Jane Austen's classic tale of love across the class barriers is relocated to India and plucked out of the 19th century to the present day.
The Bennets become the Bakshis, a contemporary Indian couple with four unattached daughters, living in faded splendour in the temple city of Amritsar.
Short of dowry money, Mrs Bakshi is constantly on the lookout for likely suitors, when into their world strolls Bairaj (Naveen Andrews) and his Yankee pal.
Darcy - who will be remembered to a generation of Britons as defined by a damp blousoned Colin Firth - has become a brash young American hotelier (Henderson).
His nemesis, the cad Whickam, stays British but is played by Canadian Daniel Gillies, while the object of their obsession is the eldest Bakshi, Lalita (ex-Miss World Aishwarya Rai).

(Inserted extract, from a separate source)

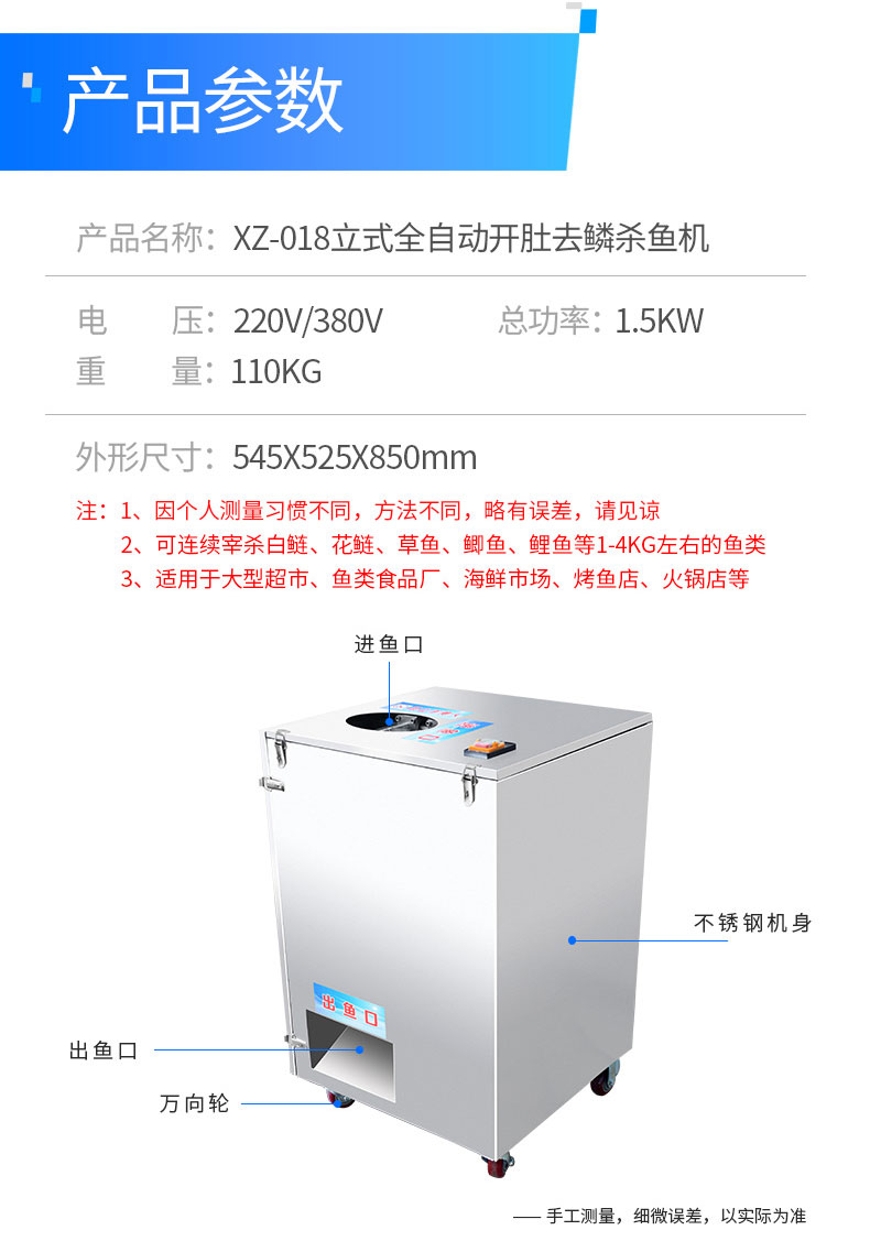 名稱開肚殺魚去鱗機(jī) 電源220/380V 功率1.5kw 產(chǎn)量 尺寸545×525×850mm 重量110kg 規(guī)格 其他

To those familiar with the tale of the initially aloof Darcy, the free-spirited Elizabeth Bennet and the duplicitous Whickam, this will not add much to the sum total.
As you might imagine in a Bollywood adaptation, there's lots of strident sitar play and swirling saris in the inevitable set dance sequences.
However, the performances of the Western actors Henderson and Gillies are so bland it wouldn't have been a bad idea to force feed them curry powder to spice things up.
(Johnny Depp and Joaquin Phoenix were apparently considered for the roles and the subsequent casting suffers by comparison).
There's a tepid attempt to play off brash American capitalism (Darcy) against Indian spirituality (Lalita) but you just know they'll be cosying up after a few dramatic hurdles have been overcome.
Bend It Like Beckham director Gurinder Chadha has reduced an intricate and nuanced love story into a standard Hollywood rom-com with Bollywood trappings.
There's nothing objectionable happening... but this is a korma when it could have been a vindaloo.